We can incorporate changes over time into our survival analysis by using a modification of the Cox model above. The general mathematical description is:
\lambda(t | X) = b_0(t) \exp{\left(\sum_{i=1}^d b_i x_i(t)\right)}
Note the time-varying x_i(t) to denote that covariates can change over time. This model is implemented in lifelines as CoxTimeVaryingFitter
. The dataset schema required is different than previous models, so we will spend some time describing this.
Lifelines requires that the dataset be in what is called the long format. This looks like one row per state change, including an ID, the left (exclusive) time point, and right (inclusive) time point. For example, the following dataset tracks three unique subjects.
id | start | stop | group | z | event |
---|---|---|---|---|---|
1 | 0 | 8 | 1 | 0 | False |
2 | 0 | 5 | 0 | 0 | False |
2 | 5 | 8 | 0 | 1 | True |
3 | 0 | 3 | 1 | 0 | False |
3 | 3 | 12 | 1 | 1 | True |
5 rows × 6 columns
In the above dataset, start
and stop
denote the boundaries, id
is the unique identifier per subject, and event
denotes if the subject died at the end of that period. For example, subject ID 2 had variable z=0
up to and including the end of time period 5 (we can think that measurements happen at end of the time period.), after which it was set to 1.

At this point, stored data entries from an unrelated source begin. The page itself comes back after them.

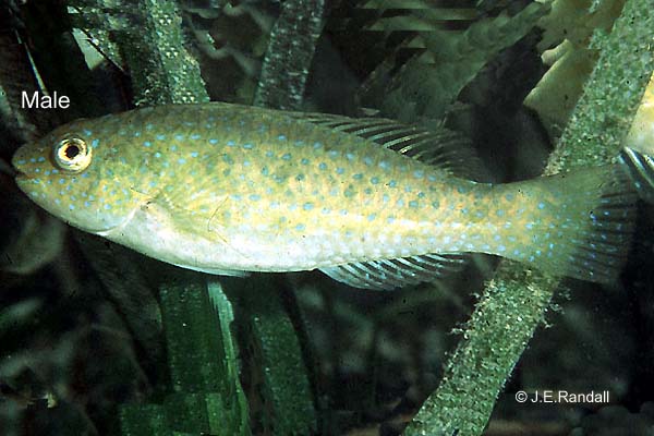 KEY FEATURES: To 30cm SL, a unique parrotfish not undergoing a sex-reversal. Slender, depth 3.5x in SL; tail round; teeth partially fused into rows of dental plates. ADULTS mottled olive to brown, paler underside; fins mottled yellowish. FEMALE w/wo blue spots upperhalf. MALE with blue spots on body, head and fins; and a pale midside stripe.
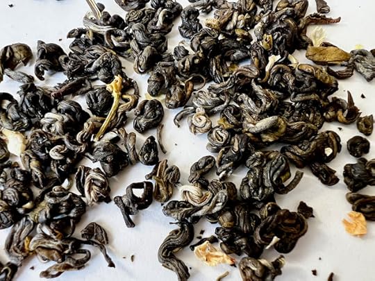 I started with the Jasmine Bi Luo Chun tea, which is scented three times. Did you know that "bi luo chun" literally means "green snail spring"? Those tiny little snail-shaped tea leaves are always fun to behold—and although I've eaten snails before, precisely once, I am pleased that there are no snails in this tea! If you're not familiar with the process by which jasmine tea is scented, you can visit this page to learn more. I've seen videos online about the scenting process, and I'm always impressed at the time and care it requires. (And at night, according to iTeaworld. If I ever knew that, I'd forgotten it.)
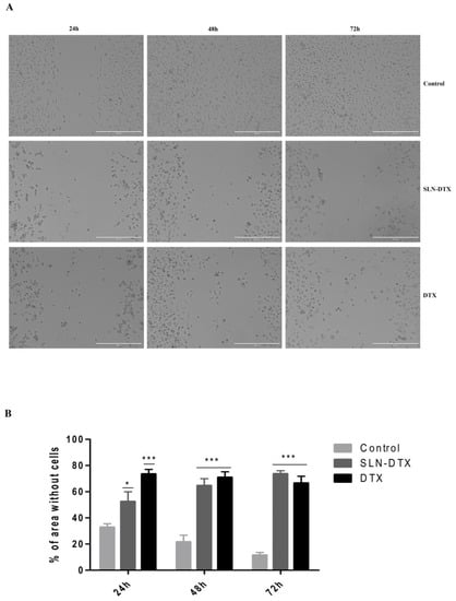 Through the wound healing assay, it can be seen in Figure 9 that the treatments with SLN-DTX and DTX inhibited cell proliferation and mobility when compared to untreated cells. At the end of 72 h, the control group had already filled almost the entire area, while in both treatments the cells did not have the same feature even after 72 h. Additionally, when the empty area is quantified, it is clear that the treatments changed the ability of cells to move.
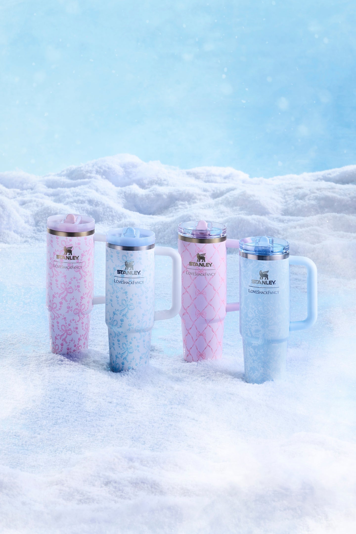 Everyone’s favorite collaboration is back for the holiday season. This keepsake collection arrives in porcelain hues, pinks, and baby blues–dressed up in bows, it’s the perfect gift for the festive season. Get both of our beloved signature prints on Stanley’s best-selling Quenchers in one must-have set.
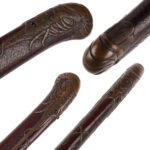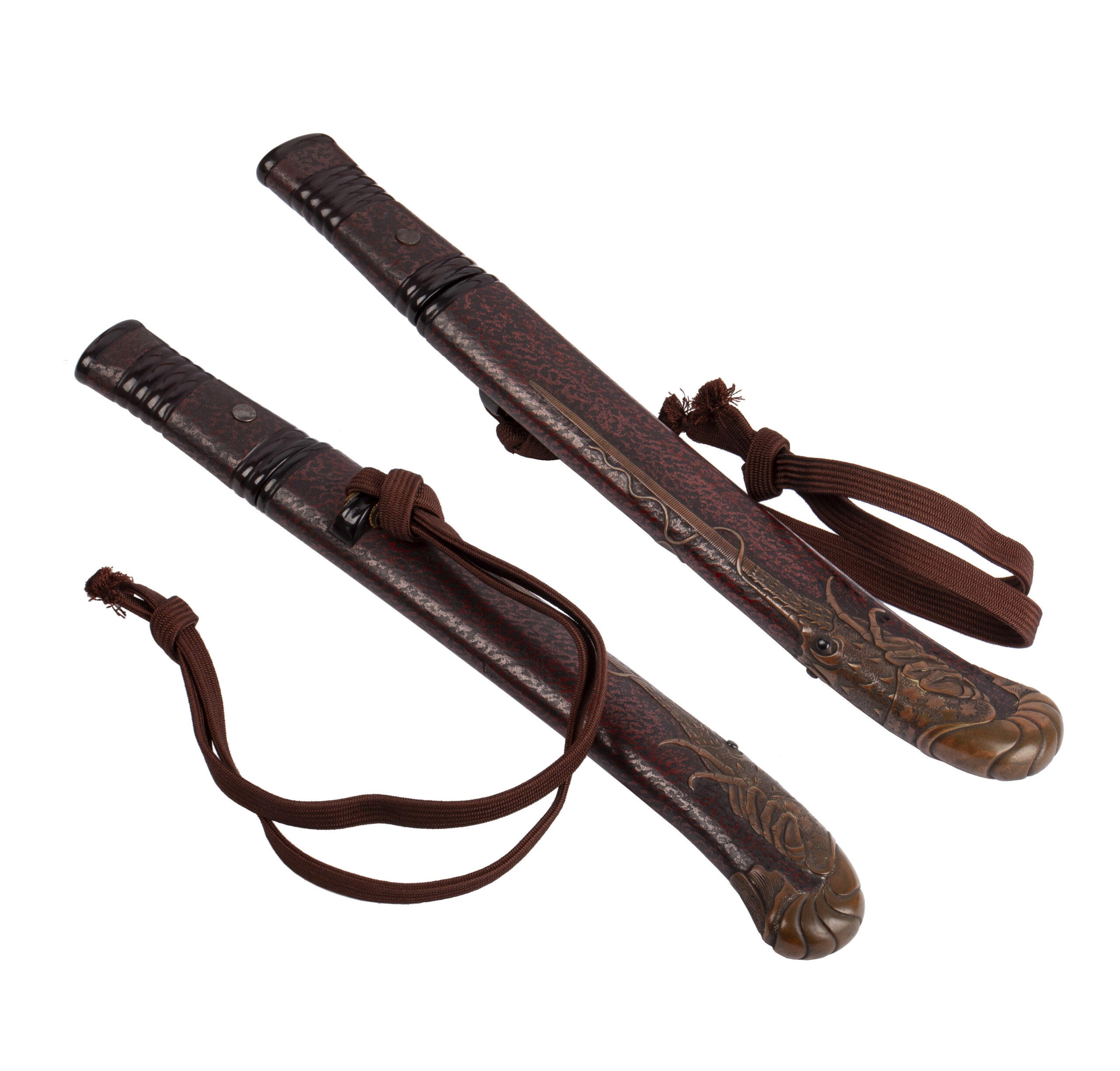 刀装 (koshirae) 上雕刻立体龙虾(伊势虾,ise-ebi)图案,采用雕金与锤金 (kinkō) 技法。龙虾在日本象征长寿、尊敬与高贵,常用于武士阶层赠礼刀剑。
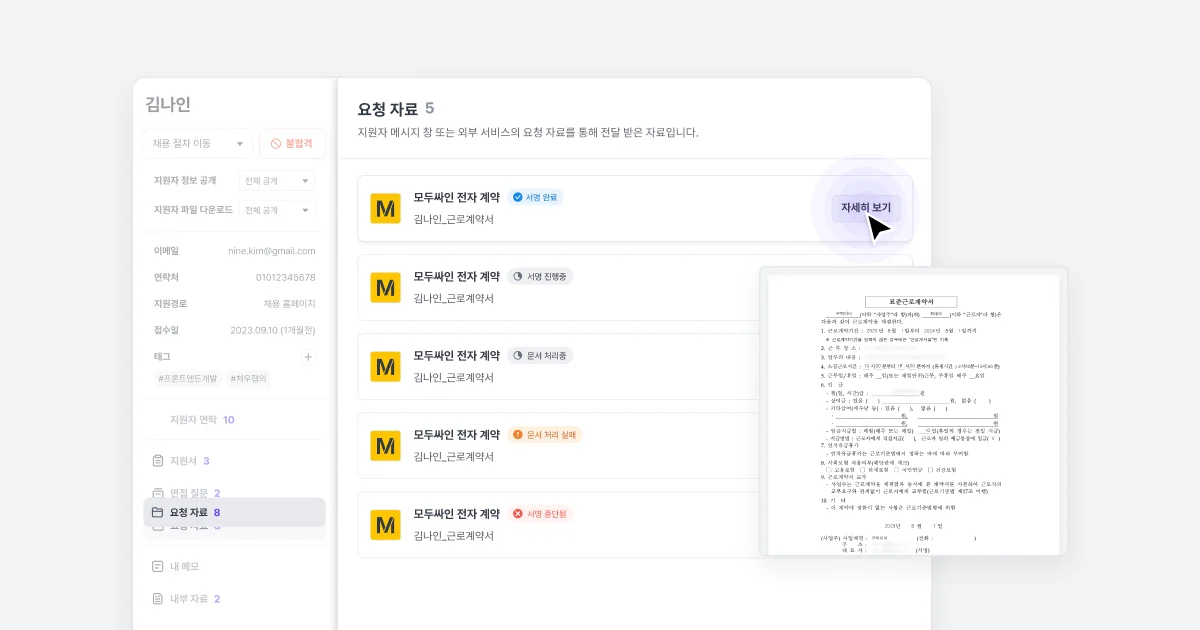 나인하이어는 지원자와의 계약 과정을 간편화하기 위해 전자 서명 서비스와의 연동을 지원합니다. 이를 활용하면, 지원자는 간단한 단계로 근로계약서에 서명할 수 있으며, 회사도 근로 계약 과정과 문서를 효율적으로 관리할 수 있습니다.
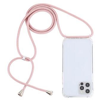 Θήκη προστασίας κινητού τηλεφώνου για iPhone 14 Pro Max, διαφανές ακρυλικό, με αερόσακο για απορρόφηση κραδασμών και λουρί (Χρυσορόδινο).
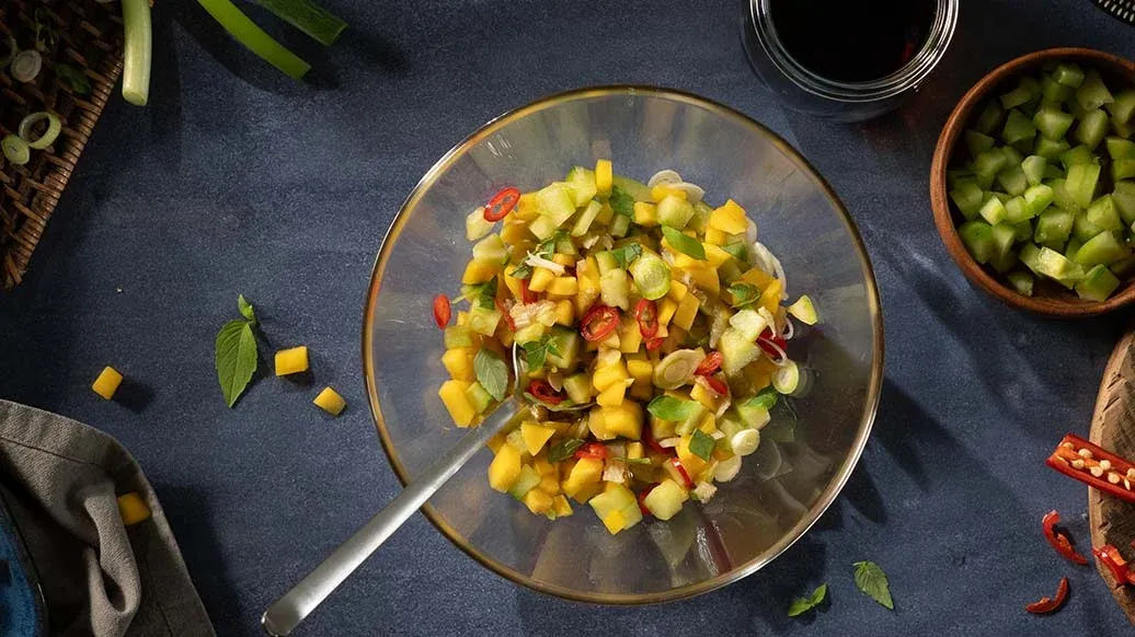 Yeşil limon ve kaffir yeşil limon yapraklarını mango, salatalık, zencefil, acı biber, taze soğan, Tay fesleğeni ve Kikkoman Ponzu – Lemon ile karıştırın.
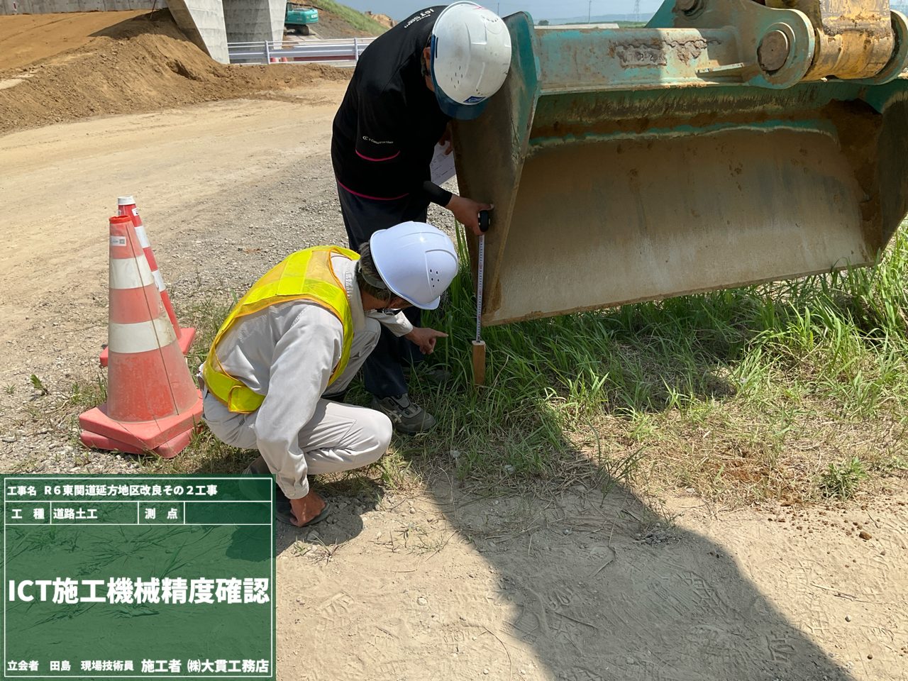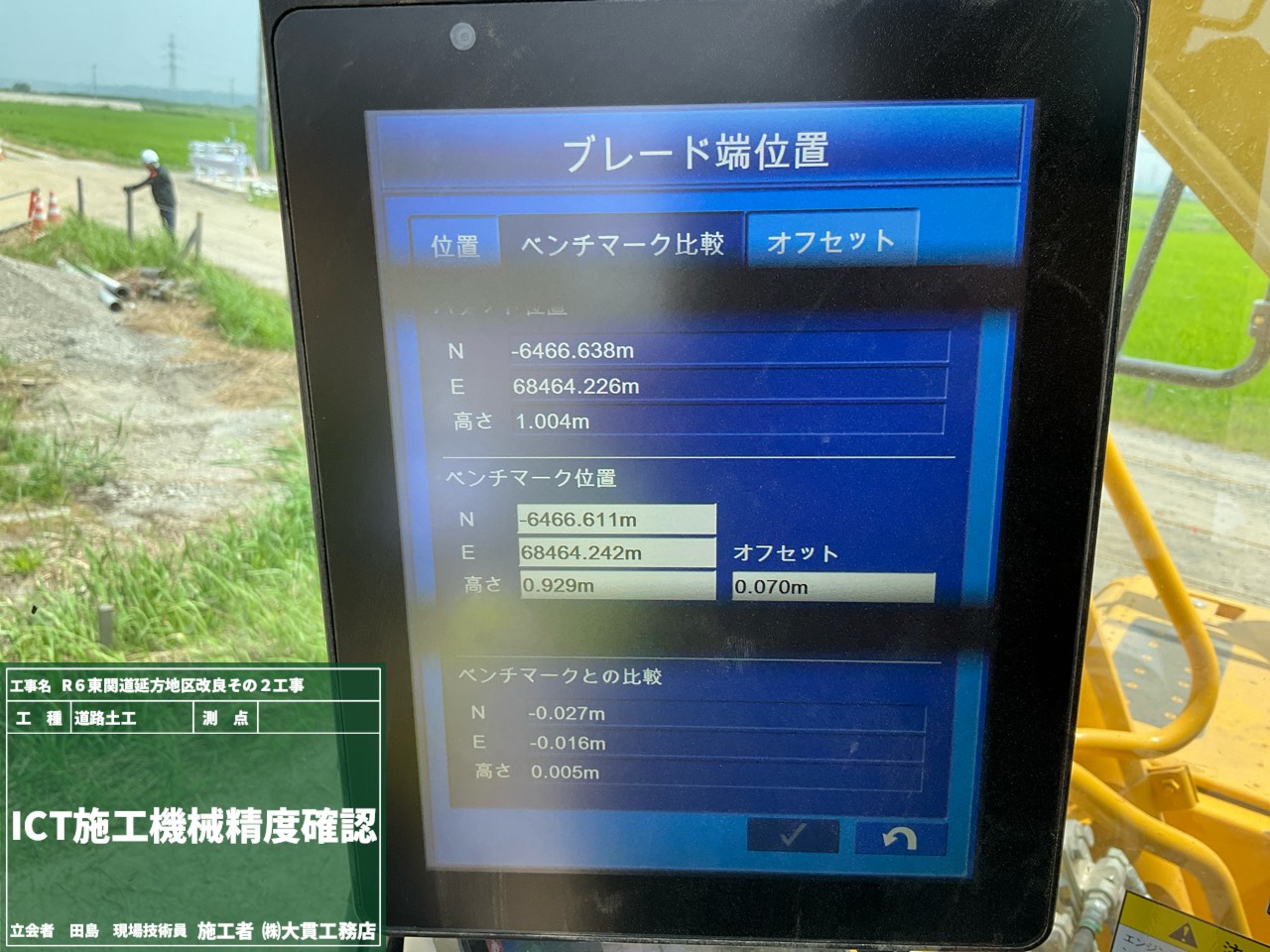 こんな風に、ICT建機が示す位置情報と実際の位置のズレを調整する精度確認を行っています👷♂️

So if this is the desired dataset, it can be built up first from smaller datasets. To do this we can use some helper functions provided in lifelines.
Typically, data will be in a format that looks like it comes out of a relational database. You may have a "base" table with ids, durations, and a censorsed flag, and possibly static covariates. Ex:
id | duration | event | var1 |
---|---|---|---|
1 | 10 | True | 0.1 |
2 | 12 | False | 0.5 |
2 rows × 4 columns
You'll also have secondary dataset that reference taking future measurements. Example:
id | time | var2 |
---|---|---|
1 | 0 | 1.4 |
1 | 4 | 1.2 |
1 | 8 | 1.5 |
2 | 0 | 1.6 |
4 rows × 3 columns
where time
is the duration from the entry event. Here we see subject 1 had a change in their var2
covariate at the end of time 4 and at the end of time 8. We can use to_long_format
to transform the base dataset into a long format and add_covariate_to_timeline
to fold the covariate dataset into the original dataset.
from lifelines.utils import to_long_format
from lifelines.utils import add_covariate_to_timeline
base_df = to_long_format(base_df, duration_col="T")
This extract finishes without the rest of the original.